Nothing could be better than a good, healthy monsoon For three months in a year, the Himalaya from Kashmir to Assam act as a gigantic atmospheric dam to store water vapour. The mountains are such an effective barrier that the Tibetan plateau to the north is left literally high and dry in the rain shadow.
Pre-monsoon showers are cataclysmic events. Pumped by the heat, huge convection currents send cauldrons of cumulus rising vertically into the atmosphere, sometimes more than 50,000 feet. Up there in the stratosphere, the jet stream smears their tops into wild angry cobra heads. On one pre-monsoon afternoon, I once watched the entire Ganesh massif dwarfed in the shadow of one of these big cauliflowers of moisture. The convection system rose out of the Buri Gandaki Valley to ride on flashing neon legs of purple lightning. From high up on a ridge above Dhunche we watched transfixed as the afternoon sun was blotted out, and the snowy slopes of Langtang Lirung lost their light. It suddenly became dark and silent like an eclipse. Animals, humans, and even the thirsty plants waited nervously as a veil of violet rain advanced from the west.
The wind picked up, the poplars bent like bows: their agitated leaves giving the quickening air a voice. Plastic bags, startled birds and leaves were snatched by the flying yellow dust. The storm edged closer until the flash and crash became simultaneous. A delicate din approached as hailstones hit roofs of houses in the bazaar below. By evening, the pyrothechnics were over, the storm had moved over to the east briefly framed in a double rainbow over the holy ridges of Gosainkunda. The varnished leaves dripped, the tree trunks sweated, the wet water buffaloes were shiny.
If a pre-monsoon thunder shower is an opera, then the arrival of the monsoon itself a few weeks later is a Smetana symphony. You can smell the rain long before it actually arrives. From the pass above Pokhara, the clouds move about among the Annapurnas like the little curly puffs you see on thangka paintings. The sudden change in high-altitude wind direction precisely between 10-15 June over central Nepal every year is the first sign that the monsoon will soon burst.

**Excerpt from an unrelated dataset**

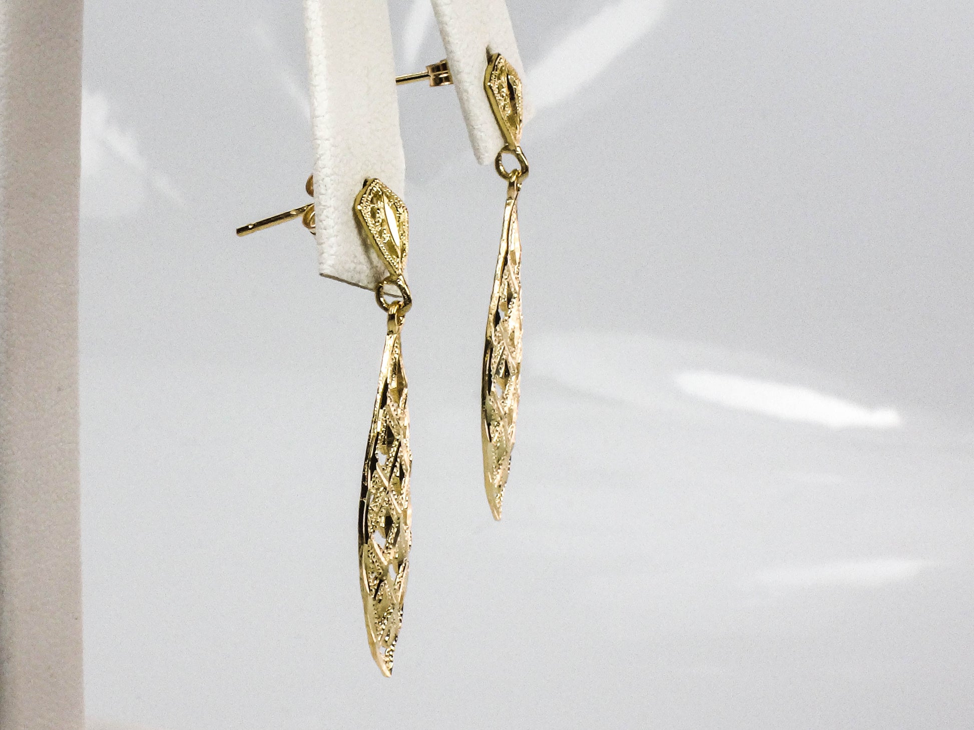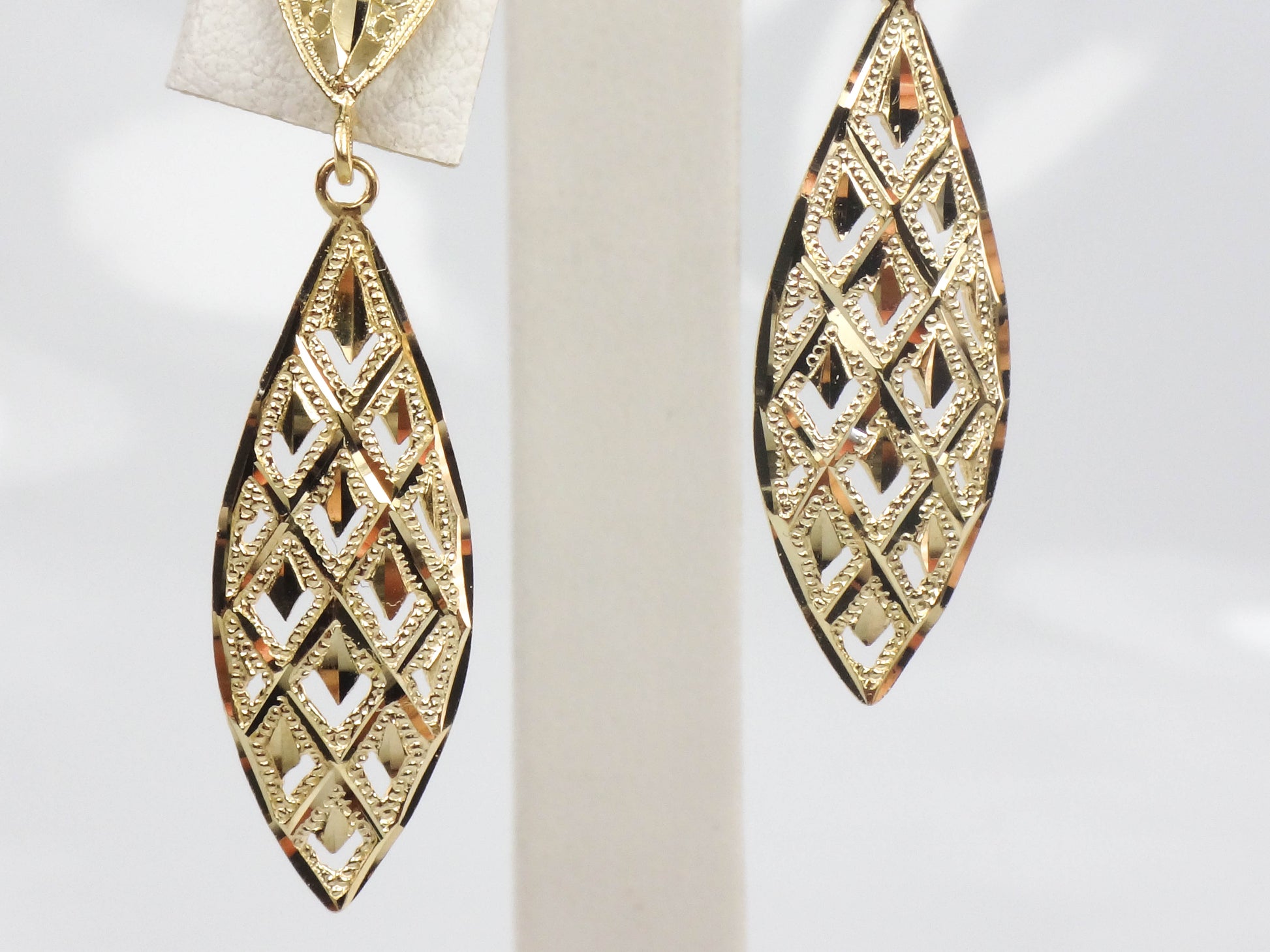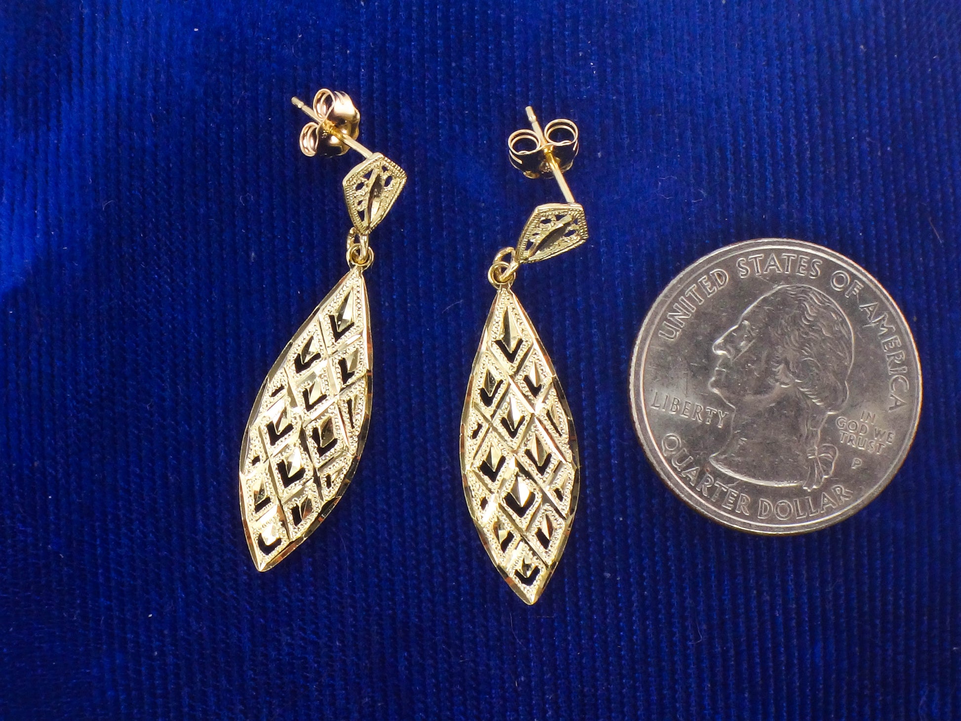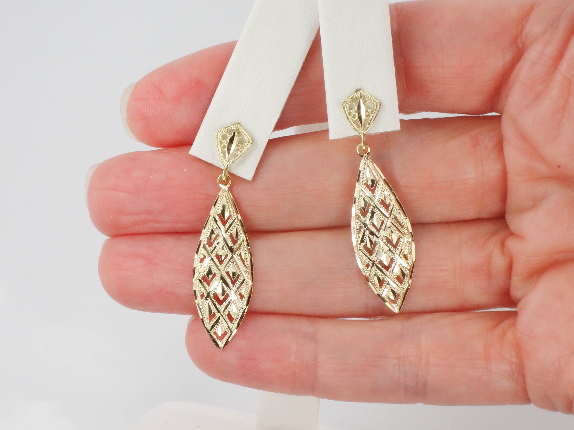 These vintage solid 14k yellow gold dangle earrings showcase diamond-cut detailing with a pierced cut out design that captures light with remarkable brilliance. Their elegant silhouette offers a refined statement that elevates both formal attire and everyday ensembles. The classic design promises enduring sophistication for the discerning collector. The earrings are marked 14k and test for 14k gold (not plated or filled) and the push on backs are also 14k gold.

By evening, the air suddenly turns humid, a smell of warm wetness swells up from the valley below. A yellow moon rises from behind a range of mountainous clouds to the east. They glow in the moonlight, and the inside of the clouds are incandescent with silent lightning. By nightfall, there is a sudden sharp coolness as the moisture turns into mist, and the mist in turn into a fine gauze of rain. The Nepali vocabulary has many onomatopoeic words to describe different kinds of rain: at midnight it turns from drizzly sim-sime to heavier darkane and by early morning it is a torrential musal-dhare.
Forget what the guidebooks say. Visit Nepal in the monsoon. Everywhere, there is the sound of falling water: big waterfalls that thunder right across the valleys, little ones gurgle behind every bend in the track, the deep drone of rivers as they cut ever-deeper gorges. These rivers are older than the mountains and they have been slicing through the rising rock for 60 million years. By ten in the morning, the first clouds chug up the valley, the forerunner of an ocean of vapour lapping at the ridges below. They move up silently through the junipers, soaking the lichens with droplets of condensation. Before noon, the rain starts falling steadily in that marathon-like pace of no-nonsense, long-term rain. It falls continuously into afternoon, all night, and stops abruptly at dawn.
By late August, the rain ebbs as the monsoon starts to lose its momentum, the sun comes out again. The sky is navy blue and dotted with kites, and in the terraces the golden rice is ripening in the sun.